Büyük medeniyetlerin dilinde elbette geçtikleri coğrafyaların izleri olacağından da bahseden Prof. Dr. Gürer Gülsevin, Türkçede Çince, Çincede de Türk dilinin kelimeleri olduğunu aktararak, Farsça ve Türkçe de yine aynı durumun olduğunu belirterek, “Bir arada yaşamışız. Birbirimizden beslenmişiz, birbirimiz ile akraba olmuşuz bu coğrafyalarda. Bu nedenle etkileşimde olduğumuz tüm dillerde bu var” dedi.

Konuşmasının son bölümünde, Türk dili ile Sümer dili arasındaki ilişkiye de değinen Prof. Dr. Gürer Gülsevin, “Tarih bile yazı ile başlatıldığına göre demekki yazı oldukça önemli ve bu nedenle sümer medeniyetine herkes sahip çıkmalı. Sümerler mezopotamyadaki toplumlar içinde eriyip gittiler ve sümerce de yaşayan herhangi bir dil ile akrabalığı da ispaatlanmış değil, her ne kadar herkes bizim dilimize yakın dese de yapılan araştırmalar ile sümerlerin herhangi bir millet veya dil ile akrabalığına rastlanmamıştır” dedi.

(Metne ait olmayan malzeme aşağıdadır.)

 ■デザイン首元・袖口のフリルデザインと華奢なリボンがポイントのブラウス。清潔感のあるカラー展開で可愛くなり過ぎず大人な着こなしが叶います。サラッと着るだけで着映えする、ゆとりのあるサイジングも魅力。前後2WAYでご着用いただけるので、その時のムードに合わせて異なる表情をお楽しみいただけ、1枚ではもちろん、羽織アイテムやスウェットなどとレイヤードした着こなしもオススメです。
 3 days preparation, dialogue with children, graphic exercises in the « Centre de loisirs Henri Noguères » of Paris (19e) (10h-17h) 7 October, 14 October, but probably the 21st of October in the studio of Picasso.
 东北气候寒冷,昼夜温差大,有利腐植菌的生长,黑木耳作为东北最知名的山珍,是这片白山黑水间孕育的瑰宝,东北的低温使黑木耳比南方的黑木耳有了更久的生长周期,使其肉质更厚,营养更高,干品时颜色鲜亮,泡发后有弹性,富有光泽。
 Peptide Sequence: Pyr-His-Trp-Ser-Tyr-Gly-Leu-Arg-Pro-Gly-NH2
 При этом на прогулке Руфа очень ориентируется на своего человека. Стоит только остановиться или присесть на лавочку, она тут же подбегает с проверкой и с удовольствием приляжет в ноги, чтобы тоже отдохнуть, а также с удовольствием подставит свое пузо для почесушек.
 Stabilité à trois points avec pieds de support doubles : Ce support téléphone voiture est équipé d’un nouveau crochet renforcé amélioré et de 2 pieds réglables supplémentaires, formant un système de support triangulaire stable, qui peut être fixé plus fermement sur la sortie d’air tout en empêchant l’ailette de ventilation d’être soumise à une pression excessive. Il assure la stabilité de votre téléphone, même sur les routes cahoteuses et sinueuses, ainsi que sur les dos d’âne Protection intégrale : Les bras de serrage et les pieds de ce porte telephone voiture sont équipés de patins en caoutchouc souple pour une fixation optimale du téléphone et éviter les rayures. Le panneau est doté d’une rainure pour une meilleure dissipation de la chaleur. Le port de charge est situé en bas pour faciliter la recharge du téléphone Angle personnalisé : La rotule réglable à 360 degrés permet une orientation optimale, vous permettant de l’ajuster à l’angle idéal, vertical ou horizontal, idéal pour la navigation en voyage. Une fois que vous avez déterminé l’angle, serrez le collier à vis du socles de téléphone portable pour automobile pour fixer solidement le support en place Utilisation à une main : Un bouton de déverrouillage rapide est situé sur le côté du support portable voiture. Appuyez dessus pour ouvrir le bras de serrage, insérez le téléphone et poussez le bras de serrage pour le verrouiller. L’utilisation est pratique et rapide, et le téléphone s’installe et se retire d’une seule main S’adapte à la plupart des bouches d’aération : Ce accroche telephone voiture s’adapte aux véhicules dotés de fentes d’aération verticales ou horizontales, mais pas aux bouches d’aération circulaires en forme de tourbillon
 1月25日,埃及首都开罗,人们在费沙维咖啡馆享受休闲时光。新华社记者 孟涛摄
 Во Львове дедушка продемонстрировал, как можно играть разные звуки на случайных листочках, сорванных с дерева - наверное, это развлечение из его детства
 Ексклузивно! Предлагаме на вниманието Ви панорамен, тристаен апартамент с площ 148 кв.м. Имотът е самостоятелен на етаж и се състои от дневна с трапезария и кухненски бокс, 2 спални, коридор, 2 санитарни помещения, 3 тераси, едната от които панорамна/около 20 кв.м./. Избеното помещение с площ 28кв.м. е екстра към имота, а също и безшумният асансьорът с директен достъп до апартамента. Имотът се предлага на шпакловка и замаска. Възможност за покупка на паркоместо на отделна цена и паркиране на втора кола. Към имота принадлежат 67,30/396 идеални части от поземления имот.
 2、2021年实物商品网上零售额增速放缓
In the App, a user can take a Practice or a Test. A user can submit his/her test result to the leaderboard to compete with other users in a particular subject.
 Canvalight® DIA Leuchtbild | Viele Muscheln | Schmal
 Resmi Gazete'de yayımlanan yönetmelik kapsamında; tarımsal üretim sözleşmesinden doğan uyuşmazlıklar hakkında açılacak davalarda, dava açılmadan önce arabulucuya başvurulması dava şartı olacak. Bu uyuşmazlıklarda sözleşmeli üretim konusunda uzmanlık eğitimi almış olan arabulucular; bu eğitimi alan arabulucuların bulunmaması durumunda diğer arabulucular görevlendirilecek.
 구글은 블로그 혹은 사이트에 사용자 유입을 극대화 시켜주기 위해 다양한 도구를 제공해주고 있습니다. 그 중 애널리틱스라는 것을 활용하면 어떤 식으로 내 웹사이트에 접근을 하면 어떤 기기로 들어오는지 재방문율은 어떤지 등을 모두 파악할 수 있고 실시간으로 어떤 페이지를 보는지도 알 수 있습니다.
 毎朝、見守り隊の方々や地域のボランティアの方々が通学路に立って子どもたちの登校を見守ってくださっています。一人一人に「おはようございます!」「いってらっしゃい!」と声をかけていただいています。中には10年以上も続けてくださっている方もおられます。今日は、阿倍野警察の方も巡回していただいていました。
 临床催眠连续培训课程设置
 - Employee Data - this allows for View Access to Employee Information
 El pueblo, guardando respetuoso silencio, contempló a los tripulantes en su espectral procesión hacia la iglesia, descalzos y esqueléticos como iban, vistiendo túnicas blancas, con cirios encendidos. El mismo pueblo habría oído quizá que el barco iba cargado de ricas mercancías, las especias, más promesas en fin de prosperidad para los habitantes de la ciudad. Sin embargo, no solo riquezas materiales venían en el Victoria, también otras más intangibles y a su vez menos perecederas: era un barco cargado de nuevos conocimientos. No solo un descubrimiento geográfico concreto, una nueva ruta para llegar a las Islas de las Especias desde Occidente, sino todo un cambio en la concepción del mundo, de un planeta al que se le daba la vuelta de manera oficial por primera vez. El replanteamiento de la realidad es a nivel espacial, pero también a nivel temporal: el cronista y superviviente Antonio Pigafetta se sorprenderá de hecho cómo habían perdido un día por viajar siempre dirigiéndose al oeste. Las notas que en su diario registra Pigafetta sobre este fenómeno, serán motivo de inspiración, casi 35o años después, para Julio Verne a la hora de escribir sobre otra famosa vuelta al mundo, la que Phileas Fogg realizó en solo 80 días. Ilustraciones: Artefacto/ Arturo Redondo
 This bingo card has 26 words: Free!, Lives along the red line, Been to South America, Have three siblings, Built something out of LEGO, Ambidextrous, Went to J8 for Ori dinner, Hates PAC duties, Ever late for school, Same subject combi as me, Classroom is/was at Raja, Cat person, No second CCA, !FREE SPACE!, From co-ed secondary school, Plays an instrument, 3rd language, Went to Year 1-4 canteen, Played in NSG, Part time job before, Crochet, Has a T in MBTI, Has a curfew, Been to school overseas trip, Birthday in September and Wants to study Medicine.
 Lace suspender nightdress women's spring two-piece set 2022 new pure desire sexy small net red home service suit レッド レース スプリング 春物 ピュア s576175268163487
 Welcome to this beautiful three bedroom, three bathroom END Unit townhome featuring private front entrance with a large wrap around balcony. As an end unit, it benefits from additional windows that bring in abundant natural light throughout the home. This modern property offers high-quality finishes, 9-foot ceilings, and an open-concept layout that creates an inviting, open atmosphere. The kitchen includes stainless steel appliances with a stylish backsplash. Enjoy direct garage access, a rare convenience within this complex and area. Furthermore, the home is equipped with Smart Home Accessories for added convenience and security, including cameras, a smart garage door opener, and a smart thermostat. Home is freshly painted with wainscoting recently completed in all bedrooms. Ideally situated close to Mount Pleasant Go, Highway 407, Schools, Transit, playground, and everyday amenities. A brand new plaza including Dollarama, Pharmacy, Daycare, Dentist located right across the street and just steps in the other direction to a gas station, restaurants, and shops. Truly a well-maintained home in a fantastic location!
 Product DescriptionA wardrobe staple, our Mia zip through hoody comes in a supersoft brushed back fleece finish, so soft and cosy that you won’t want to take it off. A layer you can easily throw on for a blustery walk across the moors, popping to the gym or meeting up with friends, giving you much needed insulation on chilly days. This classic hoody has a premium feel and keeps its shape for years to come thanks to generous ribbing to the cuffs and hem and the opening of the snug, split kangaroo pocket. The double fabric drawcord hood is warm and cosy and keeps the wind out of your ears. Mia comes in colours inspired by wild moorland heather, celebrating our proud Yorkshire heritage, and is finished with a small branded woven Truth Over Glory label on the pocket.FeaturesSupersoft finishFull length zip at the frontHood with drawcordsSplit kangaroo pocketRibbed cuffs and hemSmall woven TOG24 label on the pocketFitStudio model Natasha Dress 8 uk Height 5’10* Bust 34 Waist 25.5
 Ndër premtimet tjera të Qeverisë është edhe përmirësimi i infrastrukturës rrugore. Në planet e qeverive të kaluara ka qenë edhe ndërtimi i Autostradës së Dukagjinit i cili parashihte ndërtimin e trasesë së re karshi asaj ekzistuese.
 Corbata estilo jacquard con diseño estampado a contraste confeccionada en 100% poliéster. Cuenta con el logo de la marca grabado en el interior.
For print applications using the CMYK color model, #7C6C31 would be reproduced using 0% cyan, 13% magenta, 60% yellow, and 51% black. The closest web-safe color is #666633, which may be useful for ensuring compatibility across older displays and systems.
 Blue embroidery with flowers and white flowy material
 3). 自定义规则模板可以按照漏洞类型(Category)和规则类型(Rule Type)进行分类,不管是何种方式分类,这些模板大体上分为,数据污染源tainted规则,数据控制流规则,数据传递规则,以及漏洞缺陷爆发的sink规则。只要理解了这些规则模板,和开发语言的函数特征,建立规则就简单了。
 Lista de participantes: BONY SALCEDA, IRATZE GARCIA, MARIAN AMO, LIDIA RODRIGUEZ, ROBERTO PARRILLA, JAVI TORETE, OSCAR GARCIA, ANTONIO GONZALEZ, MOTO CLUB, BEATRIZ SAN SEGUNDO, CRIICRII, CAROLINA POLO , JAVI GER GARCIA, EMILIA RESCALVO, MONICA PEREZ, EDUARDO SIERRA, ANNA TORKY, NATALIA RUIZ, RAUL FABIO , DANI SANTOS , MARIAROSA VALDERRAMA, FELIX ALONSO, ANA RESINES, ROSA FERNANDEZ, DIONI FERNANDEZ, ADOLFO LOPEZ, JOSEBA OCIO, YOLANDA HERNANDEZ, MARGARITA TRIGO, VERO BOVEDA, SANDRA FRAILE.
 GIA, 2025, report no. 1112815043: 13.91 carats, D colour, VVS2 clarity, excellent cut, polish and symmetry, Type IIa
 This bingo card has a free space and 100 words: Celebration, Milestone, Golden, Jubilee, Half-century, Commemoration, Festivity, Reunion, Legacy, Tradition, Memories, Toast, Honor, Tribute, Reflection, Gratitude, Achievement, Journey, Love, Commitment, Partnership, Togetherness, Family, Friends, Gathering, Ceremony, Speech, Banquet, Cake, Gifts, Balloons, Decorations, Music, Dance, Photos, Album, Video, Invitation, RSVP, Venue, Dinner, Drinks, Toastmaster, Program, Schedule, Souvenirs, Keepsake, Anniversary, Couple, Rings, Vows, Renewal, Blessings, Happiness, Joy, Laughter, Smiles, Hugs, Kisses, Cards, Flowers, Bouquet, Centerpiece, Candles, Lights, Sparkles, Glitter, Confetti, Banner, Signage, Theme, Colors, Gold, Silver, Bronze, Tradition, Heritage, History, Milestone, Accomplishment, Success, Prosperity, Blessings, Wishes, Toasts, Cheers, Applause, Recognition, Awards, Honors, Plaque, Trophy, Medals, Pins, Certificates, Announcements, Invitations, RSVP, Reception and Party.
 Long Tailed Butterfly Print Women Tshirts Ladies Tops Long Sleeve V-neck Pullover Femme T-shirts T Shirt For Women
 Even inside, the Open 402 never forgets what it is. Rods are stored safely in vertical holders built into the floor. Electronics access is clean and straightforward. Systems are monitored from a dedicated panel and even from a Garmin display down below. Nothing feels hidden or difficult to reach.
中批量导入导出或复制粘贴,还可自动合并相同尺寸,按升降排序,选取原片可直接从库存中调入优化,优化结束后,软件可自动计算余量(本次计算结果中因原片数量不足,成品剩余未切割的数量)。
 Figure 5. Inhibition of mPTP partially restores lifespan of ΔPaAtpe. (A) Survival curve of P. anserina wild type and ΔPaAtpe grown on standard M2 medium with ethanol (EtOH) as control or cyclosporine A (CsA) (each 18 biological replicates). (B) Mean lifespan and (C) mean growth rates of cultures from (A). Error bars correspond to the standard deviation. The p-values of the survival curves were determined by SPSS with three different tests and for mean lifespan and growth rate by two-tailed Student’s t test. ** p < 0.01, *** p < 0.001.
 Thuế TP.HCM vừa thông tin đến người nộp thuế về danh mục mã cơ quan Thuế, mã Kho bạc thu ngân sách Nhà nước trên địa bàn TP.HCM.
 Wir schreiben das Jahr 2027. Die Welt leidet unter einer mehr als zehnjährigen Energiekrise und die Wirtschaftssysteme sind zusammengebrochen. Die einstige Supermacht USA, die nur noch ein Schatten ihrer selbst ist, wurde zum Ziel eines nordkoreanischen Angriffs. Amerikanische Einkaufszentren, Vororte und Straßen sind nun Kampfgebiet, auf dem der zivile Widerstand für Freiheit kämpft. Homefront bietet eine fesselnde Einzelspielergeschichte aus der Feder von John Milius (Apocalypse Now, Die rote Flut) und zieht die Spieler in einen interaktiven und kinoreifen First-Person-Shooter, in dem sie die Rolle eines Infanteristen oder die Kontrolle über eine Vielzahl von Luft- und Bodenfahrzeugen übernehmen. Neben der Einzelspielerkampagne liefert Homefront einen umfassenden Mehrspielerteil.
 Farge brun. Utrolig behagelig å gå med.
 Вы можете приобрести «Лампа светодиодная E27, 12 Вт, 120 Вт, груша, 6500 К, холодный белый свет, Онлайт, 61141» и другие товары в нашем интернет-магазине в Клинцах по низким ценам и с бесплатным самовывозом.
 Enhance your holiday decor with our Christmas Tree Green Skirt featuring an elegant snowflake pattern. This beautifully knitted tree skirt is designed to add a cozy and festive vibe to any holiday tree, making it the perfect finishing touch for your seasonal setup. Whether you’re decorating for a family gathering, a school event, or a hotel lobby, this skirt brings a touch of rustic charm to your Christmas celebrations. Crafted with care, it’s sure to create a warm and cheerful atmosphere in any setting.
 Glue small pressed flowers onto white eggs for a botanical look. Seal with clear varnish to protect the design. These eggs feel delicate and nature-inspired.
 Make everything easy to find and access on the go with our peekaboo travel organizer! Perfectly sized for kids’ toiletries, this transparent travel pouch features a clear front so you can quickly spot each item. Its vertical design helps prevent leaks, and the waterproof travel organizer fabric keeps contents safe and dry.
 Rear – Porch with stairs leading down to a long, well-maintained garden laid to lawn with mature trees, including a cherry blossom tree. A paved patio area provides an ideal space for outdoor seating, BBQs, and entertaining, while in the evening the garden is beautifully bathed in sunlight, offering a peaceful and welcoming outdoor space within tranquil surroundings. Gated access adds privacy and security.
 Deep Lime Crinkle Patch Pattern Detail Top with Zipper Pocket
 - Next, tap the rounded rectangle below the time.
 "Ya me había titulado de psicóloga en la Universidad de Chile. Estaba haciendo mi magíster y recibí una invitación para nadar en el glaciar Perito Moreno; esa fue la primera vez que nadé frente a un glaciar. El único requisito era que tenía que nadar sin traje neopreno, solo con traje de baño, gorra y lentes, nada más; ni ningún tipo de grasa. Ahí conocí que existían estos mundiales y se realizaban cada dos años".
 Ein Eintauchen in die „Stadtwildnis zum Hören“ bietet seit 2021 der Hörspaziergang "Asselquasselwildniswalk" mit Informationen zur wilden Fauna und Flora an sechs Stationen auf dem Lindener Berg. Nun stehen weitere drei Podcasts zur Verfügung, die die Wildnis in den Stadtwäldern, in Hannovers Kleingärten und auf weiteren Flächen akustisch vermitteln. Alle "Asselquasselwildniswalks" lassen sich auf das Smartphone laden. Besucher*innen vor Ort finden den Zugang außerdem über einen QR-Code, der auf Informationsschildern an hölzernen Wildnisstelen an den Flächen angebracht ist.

Sümerce ile yaşayan diller arasındaki en inandırıcı tezi Dilbilimci Osman Nedim Tuna’nın ortaya koyduğunu ifade eden Prof. Dr. Gürer Gülsevin, “Dilbilimci Osman Nedim Tuna, “Sümer ve Türk Dillerinin Tarihi İlgisi ile Türk Dilinin Yaşı Meselesi” adlı kitabında, sümercede geçen ancak sümerologlar tarafından “Bu kelimeler Sümerce değildir ve başka bir dilden sümerceye alınmış ödünçlemelerdir” denilen 165 kelimenin, “Düzenli Ses Denklikleri” yöntemini kullanarak Türk dilinden sümerceye geçtiğini kanıtlamıştır” dedi.

Konferansın ardından Türk Dil Kurumu Başkanı Prof. Dr. Gürer Gülsevin’e, Rektör Yardımcısı Prof. Dr. İlyas Gökhan ve Türk Dünyası Araştırmaları Uygulama ve Araştırma Merkezi Müdürü Prof. Dr. Hikmet Koraş tarafından günün anısına hediye takdim edildi.